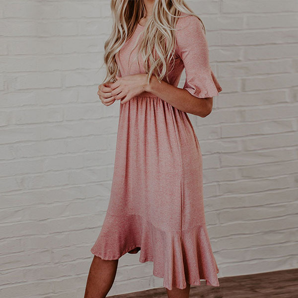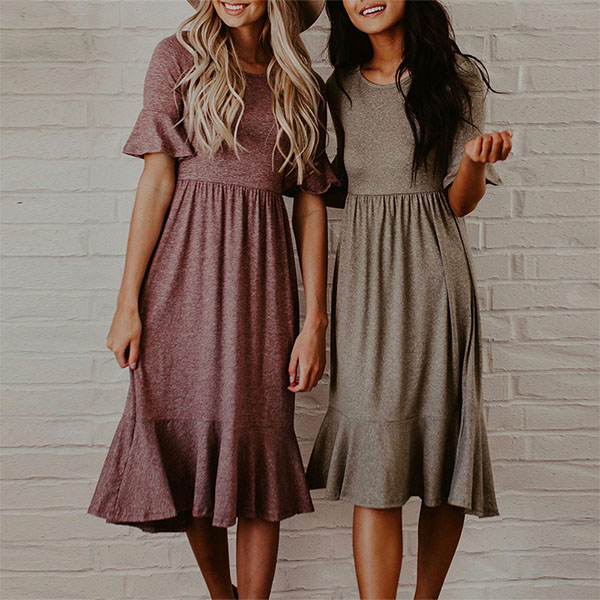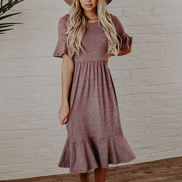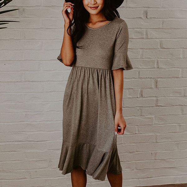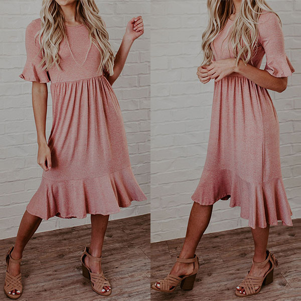 From your daytime out to night dating,this stylish and delicate dress can offer you a perfect transition. Solid color style,the trumpet sleeve and ruffle hem design can easily enhance its sweet and feminine vibes. Dress it up with your favourite heels for a beautiful look.
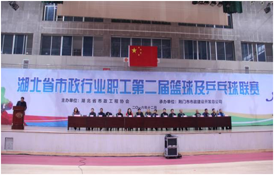 12月12日上午9點,由湖北省市政工程協(xié)會主辦、荊門市市政建設(shè)開發(fā)總公司承辦的全省市政行業(yè)職工第二屆籃球聯(lián)賽在荊門市體育文化中心開幕。省協(xié)會秘書長趙亞玲主持開幕式。比賽組委會有關(guān)人員、運動員、裁判員及觀眾共200余人參加開幕式。漢陽市政副總經(jīng)理、鐘鑫市政總經(jīng)理方紫微親自帶隊參加了本次活動。
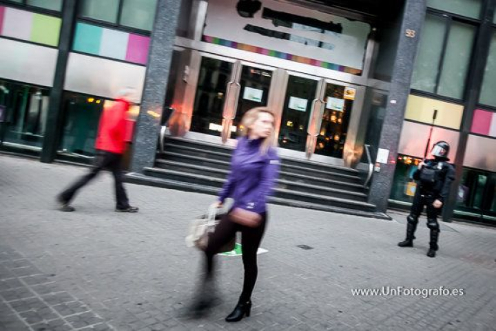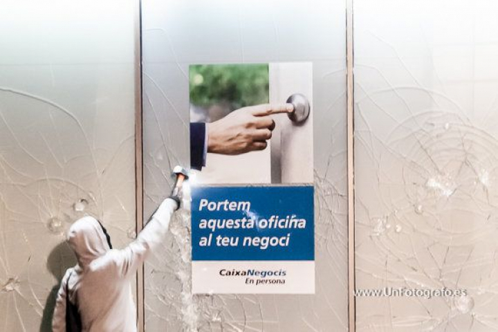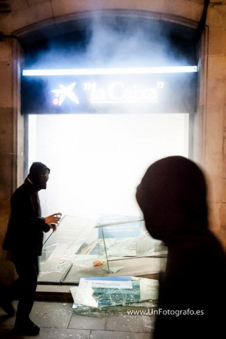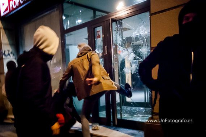 Un porcentaje minúsculo de la manifestación, treinta, cuarenta chicos como máximo, acapara con su rabia y su testosterona el protagonismo mediático. Rompen cuatro cristales, pintan cuatro lemas, queman algún contenedor y si les fotografías se ofenden y te ordenan que no uses la cámara... Y el circo sigue. Y, sí, estas fotografías contribuyen. Por eso escribo, por si alguien leyera el pie de foto...
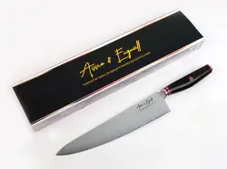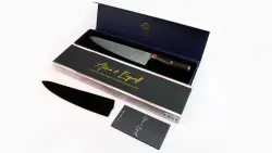 Denna kniv är tillverkad med japanskt AUS10-stål, vilket ger den överlägsen hållbarhet och skärpa som passar för både yrkeskockar och ambitiösa hemmakockar.
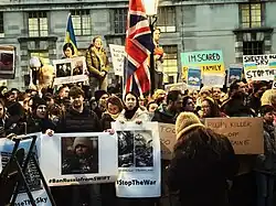 - ↑ Barradale, Greg (24 February 2022). "Hundreds protest outside Downing Street to demand tougher sanctions on Russia after invasion of Ukraine". The Big Issue. Archived from the original on 24 February 2022. Retrieved 24 February 2022.
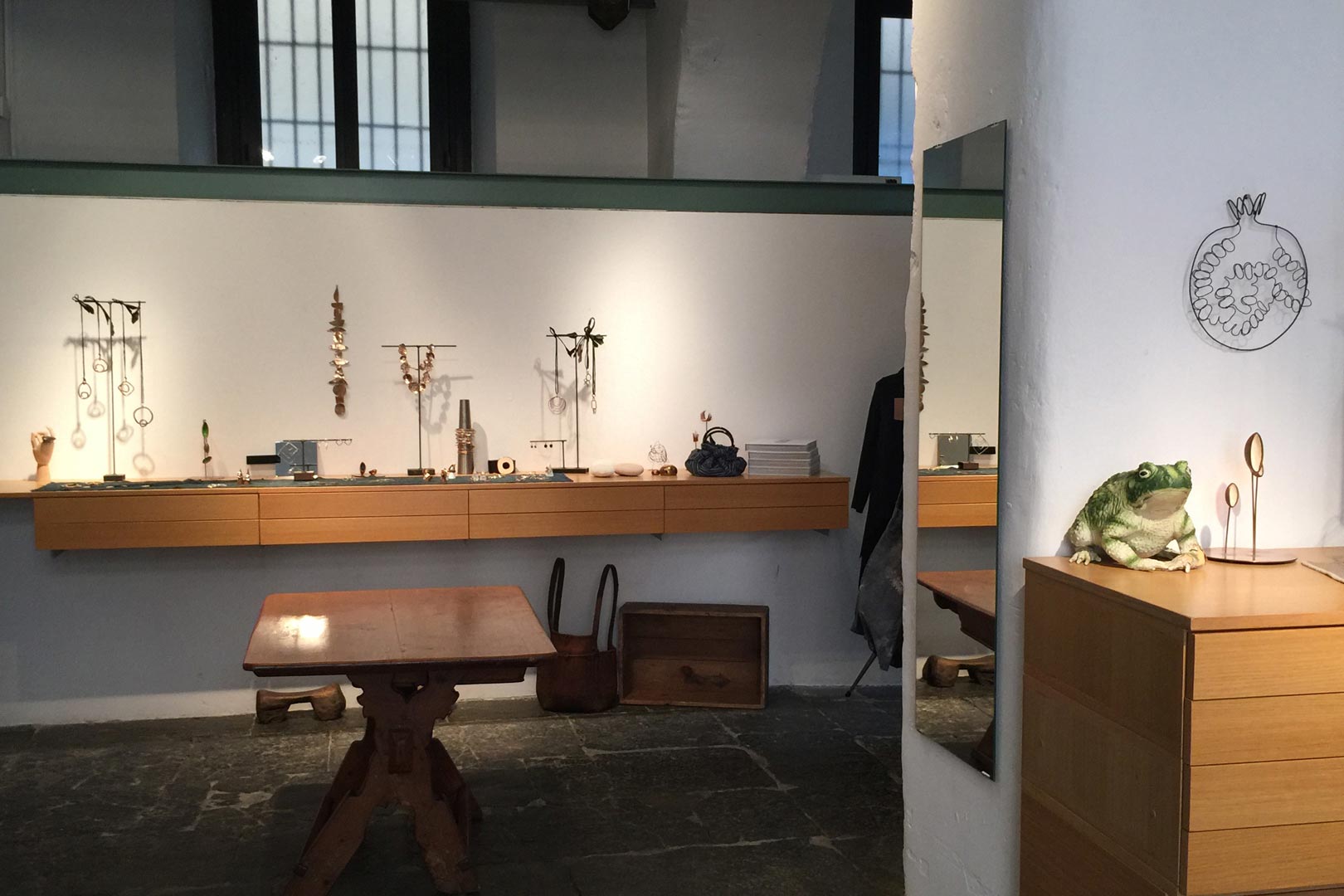 L’Atelier di Natsuko Toyofuku si trova nel cortile di un palazzo d’epoca in Corso Como 9. Lo spazio di circa 80 metri quadrati, rimasto inalterato nel corso degli anni, gode di un fascino d’altri tempi, con le sue grandi finestre che danno sul cortile, il pavimento in pietra e 4 grandi archi che, partendo da un unico punto centrale, lo suddividono idealmente in altrettante zone comunicanti tra di loro e si configura come luogo perfetto per mostre ed eventi.

*WHAT TO WORK ON:*
Write out again exactly the lines from the start of the data above through the line containing "12月12日上午9點,由湖北", inclusive, excluding any pictures.

*REPLY TO THE TASK:*
 From your daytime out to night dating,this stylish and delicate dress can offer you a perfect transition. Solid color style,the trumpet sleeve and ruffle hem design can easily enhance its sweet and feminine vibes. Dress it up with your favourite heels for a beautiful look.
 12月12日上午9點,由湖北省市政工程協(xié)會主辦、荊門市市政建設(shè)開發(fā)總公司承辦的全省市政行業(yè)職工第二屆籃球聯(lián)賽在荊門市體育文化中心開幕。省協(xié)會秘書長趙亞玲主持開幕式。比賽組委會有關(guān)人員、運動員、裁判員及觀眾共200余人參加開幕式。漢陽市政副總經(jīng)理、鐘鑫市政總經(jīng)理方紫微親自帶隊參加了本次活動。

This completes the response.